▶ WORK INSTRUCTIONS
Starting with the line that contains "Das Orga-Team freut" and stopping after the line that contains "58, Pougues-les-Eaux, 34 avenue de Paris", copy the entries below exactly. Include nothing else.

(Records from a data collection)
————
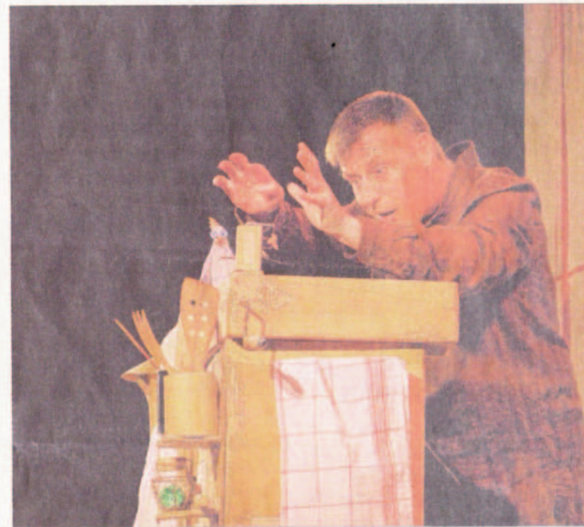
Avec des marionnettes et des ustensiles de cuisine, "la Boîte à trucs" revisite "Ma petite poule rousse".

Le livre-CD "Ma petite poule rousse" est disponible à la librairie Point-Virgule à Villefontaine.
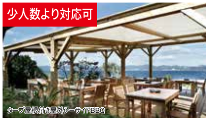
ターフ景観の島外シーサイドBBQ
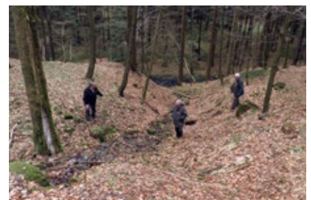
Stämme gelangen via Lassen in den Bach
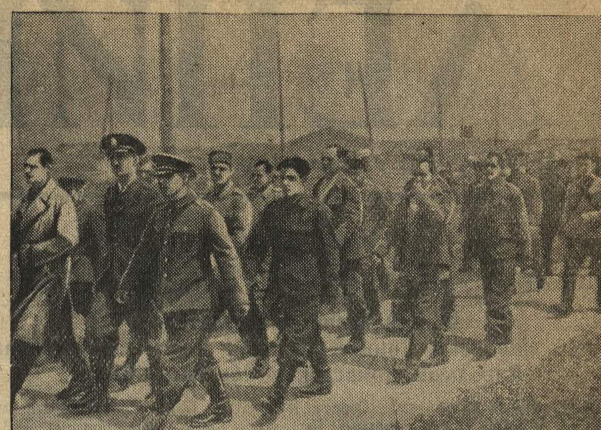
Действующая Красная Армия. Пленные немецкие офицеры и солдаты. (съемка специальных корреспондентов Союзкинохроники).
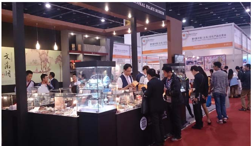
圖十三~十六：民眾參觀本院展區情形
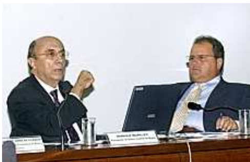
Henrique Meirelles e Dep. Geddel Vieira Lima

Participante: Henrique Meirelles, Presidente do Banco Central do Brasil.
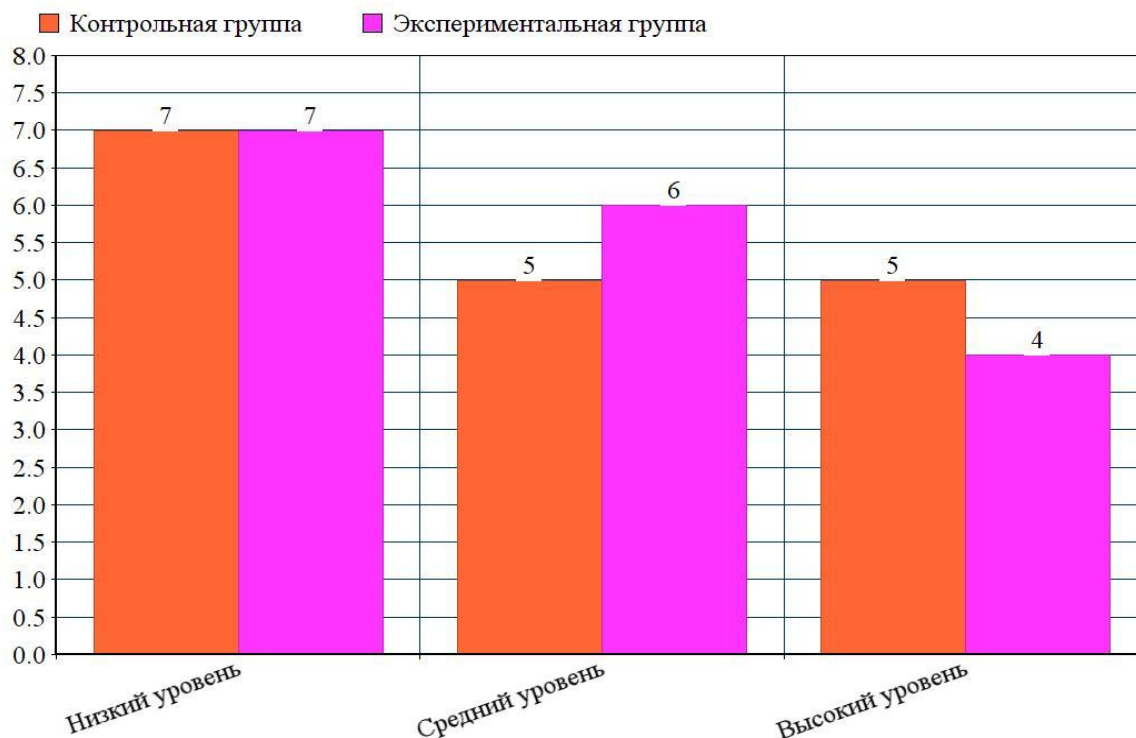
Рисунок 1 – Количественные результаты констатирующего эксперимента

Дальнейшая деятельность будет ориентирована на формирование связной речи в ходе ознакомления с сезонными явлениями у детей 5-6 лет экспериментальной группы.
————
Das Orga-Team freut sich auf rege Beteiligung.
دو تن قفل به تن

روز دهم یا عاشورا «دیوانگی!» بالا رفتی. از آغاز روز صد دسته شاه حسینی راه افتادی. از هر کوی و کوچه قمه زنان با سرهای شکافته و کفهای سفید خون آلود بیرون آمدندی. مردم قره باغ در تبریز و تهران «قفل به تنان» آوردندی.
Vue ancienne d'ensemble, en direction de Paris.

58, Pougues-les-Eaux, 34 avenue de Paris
————
▶ OUTPUT FOR THIS EXERCISE
Das Orga-Team freut sich auf rege Beteiligung.
دو تن قفل به تن

روز دهم یا عاشورا «دیوانگی!» بالا رفتی. از آغاز روز صد دسته شاه حسینی راه افتادی. از هر کوی و کوچه قمه زنان با سرهای شکافته و کفهای سفید خون آلود بیرون آمدندی. مردم قره باغ در تبریز و تهران «قفل به تنان» آوردندی.
Vue ancienne d'ensemble, en direction de Paris.

58, Pougues-les-Eaux, 34 avenue de Paris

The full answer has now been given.